My goat has lice.
When my Mom was over during our beautifully strange almost-70-degree weather on Monday, she asked why Nettie's goat was all scraggly looking. I told her that it looks like she's been biting at her coat to scratch. So I went up to Nettie for a closer inspection, brushing her hair back to smooth it out, then parting the hair around her top line, I finally spied a tiny black, elongated looking bug. I plucked it off her and took a good look at it. And it looked exactly like this:
|Not my picture, but found it on the web & it looks exactly like|
the bug I found on Nettie.
I went to get the bag of Hy-Yield Garden, Pet & Livestock Dust from the garage, made myself a homemade dusting applicator (i.e. plastic yogurt cup with crapload of holes poked in the lid) and dusted the crap out of her and the rest of her herd mates. I did the same thing the following day, and spent more time looking through everyone's coat while "trapped" in the milk stand or on their leads while eating breakfast. But I didn't find any more of the buggers, nor any of the supposed telltale signs of a lice infestation like bunches of white eggs attached to the hairs.
I highly doubt the bug I found was the only one, especially since Nettie was scratching in different areas on her back. But I was a bit upset that I couldn't find any more of them as I really wanted to take one into the house (dead, of course) and get it under the microscope to properly ID the bugger.
After doing a internet search on products to deal with lice, I also learned a few things about the little skin chewing and blood sucking bastards. If you're bored, or find your goats scratching a bit more than normal, here are some links to goat lice: Lice & More Lice.

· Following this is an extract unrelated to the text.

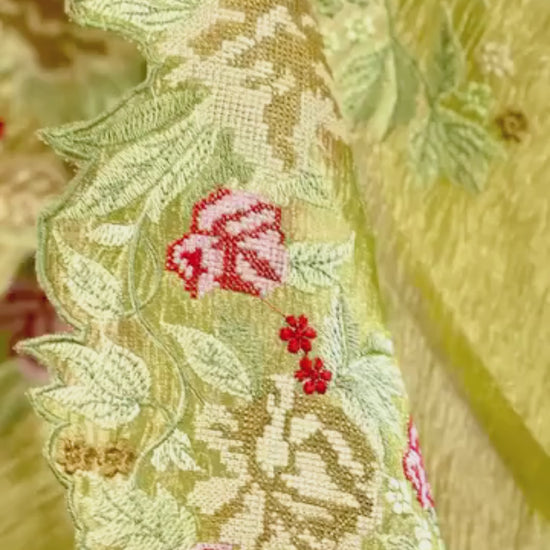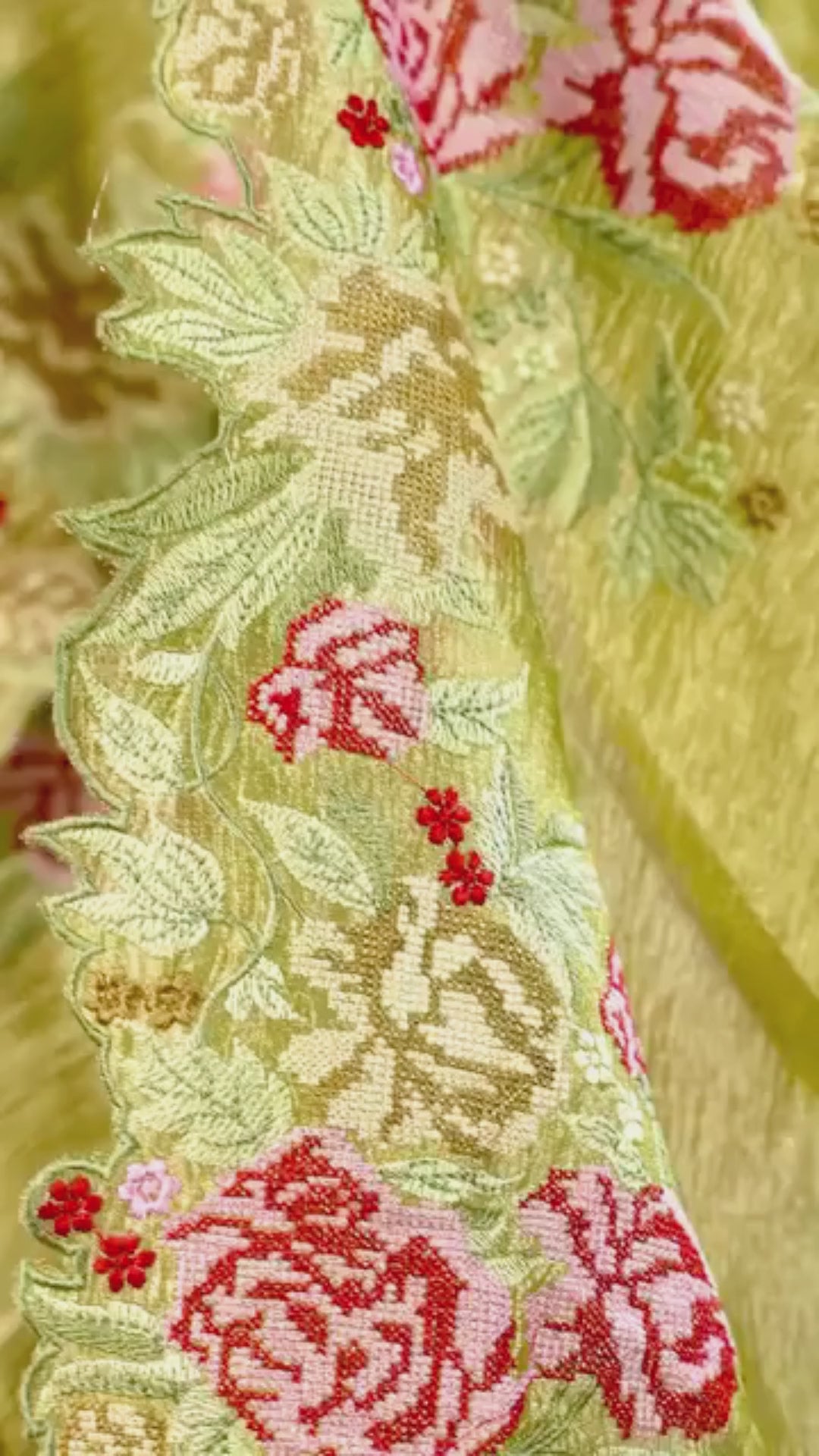 Green Banarasi Crush Tissue Embroidery Cutwork Saree
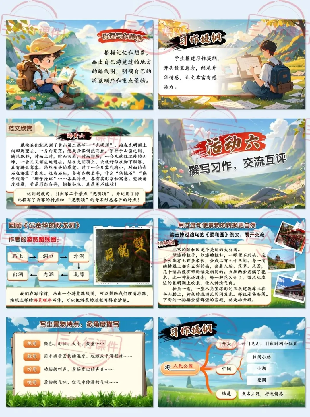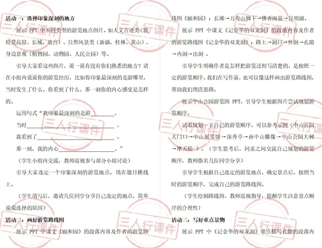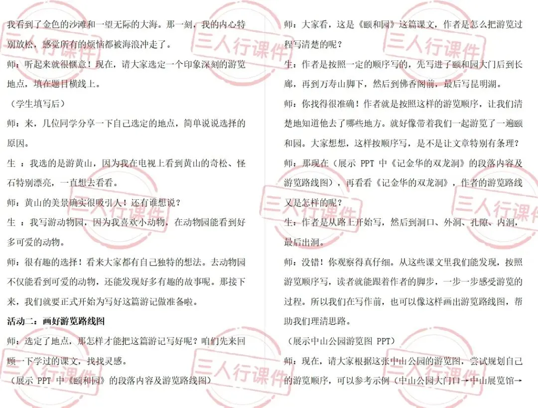 师:没错!你观察得真仔细。从这些课文里我们能发现,按照游览顺序写,读者就能跟着作者的脚步,一步一步感受游览的过程。所以我们在写作前,也可以像这样画出游览路线图,帮助我们理清思路。

Basically are two types of lice that frequent goats; biting lice and sucking lice (I'm pretty certain the one Nettie has is a sucking louse as it's head was in her flesh, kind'a like a tick). And apparently they are more of a concern in the fall and winter as the summer heat and sun kills the little buggers.
Since the dusting powder does not kill any eggs, I'll have to re-apply the dust again in two weeks. But I'll be checking her every day now while she's in the milk stand. If there seems to be no change, I may go ahead and drench her with some Ivermectin. I wouldn't consider going that far if she were milking, but since we won't have to worry about a milk withdrawal time because she's dried up now, that will probably be my next step.
And Mom, don't worry, goat lice do not live on people, so you can quit scratching!